Tentara ini berhasil menduduki genoa dan wilayah sepanjang pantai Calabria,
mereka melancarkan pembunuhan, penyiksaan, pembakaran kapal-kapal, dan merampas
budak-budak. Pada saat yang sama ia juga mengarahkan pasukannya ke mesir, namun
pasukan ini berhasil dikalahkan oleh Dinasti Ihsidiyah, sehingga mereka terusir
dari Alexandria.
Al-Qa’im merupakan
prajurit pemberani, hampir setiap ekspedisi militer dipimpinnya secara
langsung.
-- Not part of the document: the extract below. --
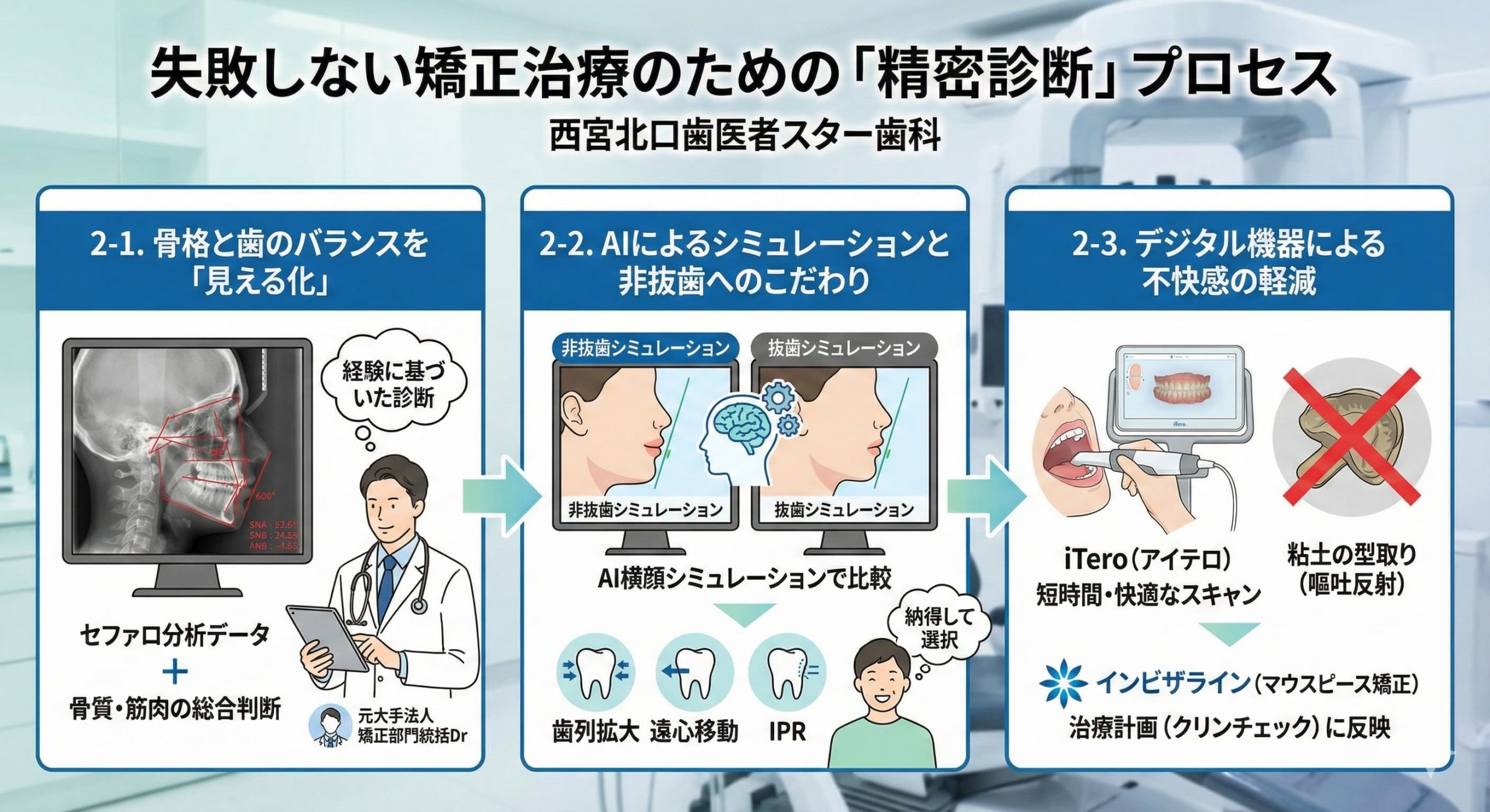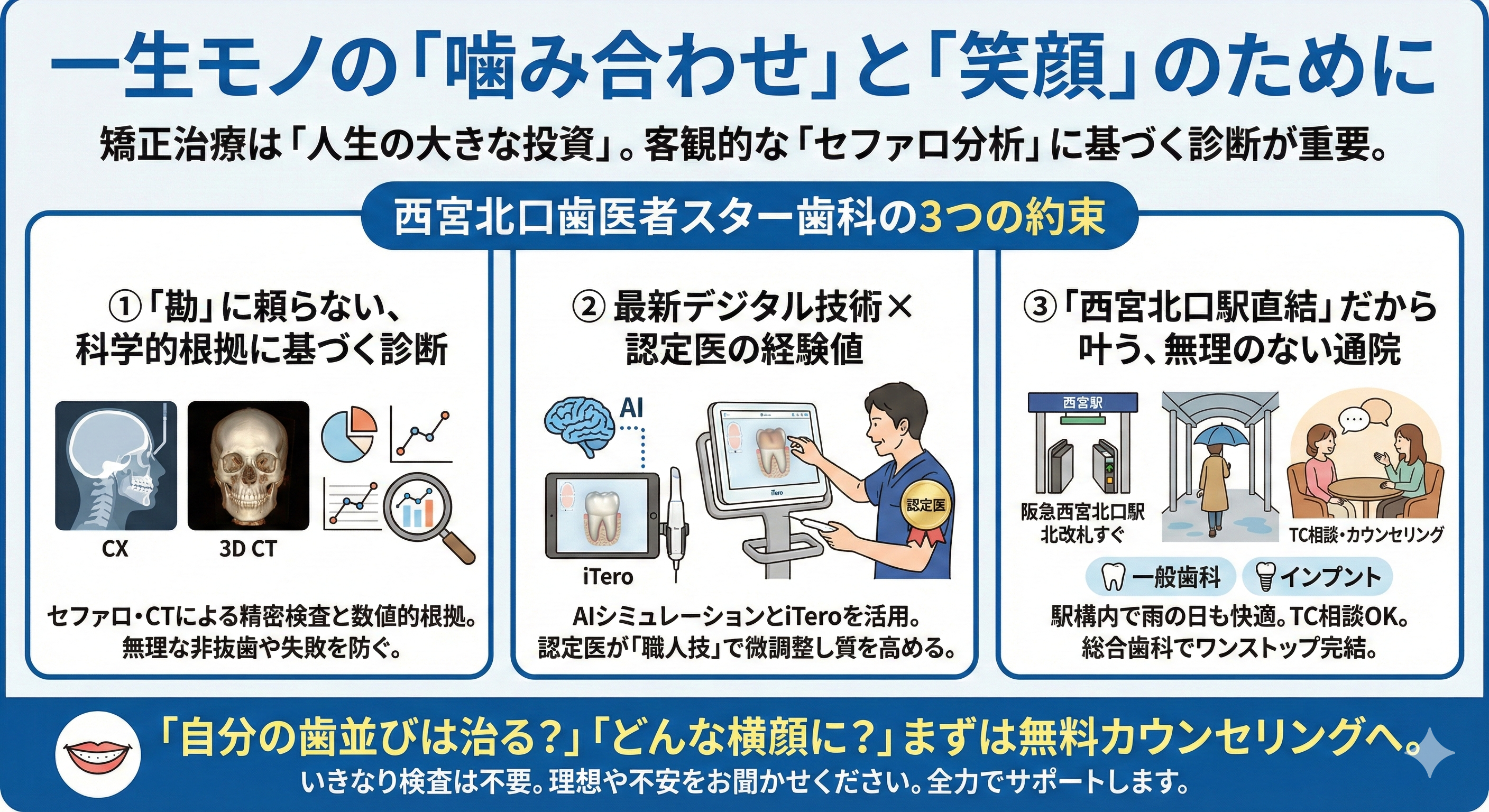 「歯を抜かないと治らないと言われた」「逆に、抜かずに治せると言われたが口元が出っ張ってしまった」 このようなトラブルの多くは、事前の分析不足や診断の甘さに起因することがあります。 西宮北口歯医者スター歯科では、以下のようなプロセスで、後悔のない治療計画を作成しています。

Ia merupakan khalifah Fathimiyah pertama yang menguasai lautan
tengah. Ia meninggal pada tahun 946 M. Ketika itu sedang terjadi pemberontakan
di susa’ yang dipimpin oleh Abu Yazid. Al-Qaim digantikan oleh puteranya yang
bernama Al-Mansyur.
Al-Mansyur adalah
pemuda yang sangat lincah. Ia berhasil menghancurkan kekuasaan Abu Yazid.
Meskipun putera Abu Yazid dan sejumlah pengikut setianya senantiasa menimbulkan
keributan, namun seluruh wilayah Afrika pada masa ini tunduk kepada
kekhalifahan Bani Fathimiyah. Al-Mansyur membangun sebuah kota yang sangat
megah di wilayah perbatasan Susa’ yang dinamakan kota Al-Mansyuriyah.
3. Mu’izz (341-352 H/965-975 M)
Ketika Al-Mansyur
meninggal, puteranya yang bernama Abu Tamim Ma’ad menggantikan kedudukannya
sebagai khalifah dengan bergelar Al-Mu’izz. Penobatan Al-Mu’izz khalifah
keempat menandai era baru dinasti Fathimiyah. Banyak keberhasilan yang
dicapainya. Pertama kali ia menetapkan untuk mengadakan peninjauan keseluruh
penjuru wilayah kekuasaannya untuk mengetahui kondisi yang sebenarnya.
Selanjutnya ia menetapkan langkah-langkah yang harus ditempuh demi terciptanya
keadilan dan kemakmuran . Ia menghadapi gerakan pemberontakan secara tuntas
hingga mereka bersedia tunduk kedalam kekuasaan Mu’izz.
Khalifah Mu’izz
meninggal pada tahun 975 M; setelah memerintah selama 23 tahun. Ia merupakan
khalifah Fathimiyah yang terbesar. Ia adalah pendiri dinasti Fathimiyah di
Mesir. Seluruh kerusuhan dan pemberontakan dapat diatasinya, sehingga rakyat
merasa damai dan nyaman dalam pemerintahannya.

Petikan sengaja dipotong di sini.